Timothy Leonard Tyler (born 1968) is an American who was sentenced to life in prison for possession and distribution of LSD (or "acid") under the federal three-strikes law. In August 2016, after serving 24 years and 27 days behind bars, Tyler was granted clemency by President Barack Obama. He was released on August 30, 2018.

==Background==
Tyler was raised in Connecticut and Florida, where he attended Lakewood Senior High School, graduating in 1986. His parents were divorced and he was physically and emotionally abused by his stepfather. He suffered from depression as a child and had episodes that resulted in at least six emergency mental health hospitalizations.
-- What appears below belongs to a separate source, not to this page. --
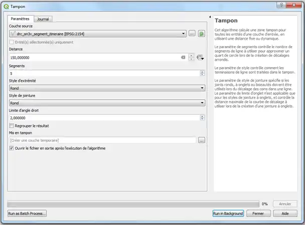 Sélectionnez la couche ON3V et indiquez une distance de 150 (le mètre est l’unité par défaut sur QGIS). Enregistrez votre nouvelle couche en shp.

After graduation, he toured the country attending Grateful Dead concerts, where he sold fried dough, fruit smoothies, beer, and soda. He also consumed and sold marijuana and LSD. He was first arrested in Panama City, Florida for LSD possession and released on his own recognizance. A second arrest occurred that resulted in three years of probation. Tyler resumed touring with the Grateful Dead and sent LSD to a friend who was arrested for marijuana possession who turned into a confidential informant for the Drug Enforcement Administration (DEA). During a two-month period, this informant, working with the DEA, asked Tyler to mail him LSD five times, which Tyler did. Tyler sent the package to his father's address, implicating him in the crime.

==Sentencing==

According to a pre-sentencing memorandum, Tyler was charged with selling 1,300 hits of acid, found on 13 sheets of paper and equivalent to several grams of liquid. According to the memo prepared by his probation officer, he netted about $3,000 from "a very loosely woven conspiracy" that involved selling acid to "friends, family and business acquaintances". Tyler pleaded guilty to drug distribution.

In 1992, at age 24, he was sentenced to life in prison without parole because of his two prior drug convictions (for which he did not serve prison time) under the federal three-strikes law. Under the law's stipulations, the judge was not able to consider Tyler's drug addiction, lack of violent conduct, mental health issues, or youth when determining his sentence.

Because the packages of LSD were sent to Tyler's father, he was convicted of conspiracy. He received a 10-year sentence and died in prison. His friend who worked as a confidential informant served 10 years.

==Life in prison==

After his conviction, Tyler was incarcerated in United States Penitentiary, Canaan in Pennsylvania. As of 2016, he was held in Federal Correctional Institution, Jesup, a medium-security federal prison. Because of prison prohibitions against music, Tyler went 20 years from the time of his initial arrest without listening to any Grateful Dead music, except what his sister could play for him in the limited phone time he was allocated. In 2012, inmates were permitted to purchase digital music players.

In 2013, Senator Rand Paul highlighted Tyler's case, writing that he "should have been punished for selling drugs, but he shouldn’t have to spend the rest of his life in prison for it. Today, Timothy is 45 and will likely spend the rest of his life behind bars, not because a judge thought it was a proper punishment, but because an arbitrary federal law demanded it."

More than 400,000 people signed a petition on Change.org calling on President Barack Obama to grant Tyler clemency. In August 2016, he was granted clemency, and subsequently released on August 30, 2018.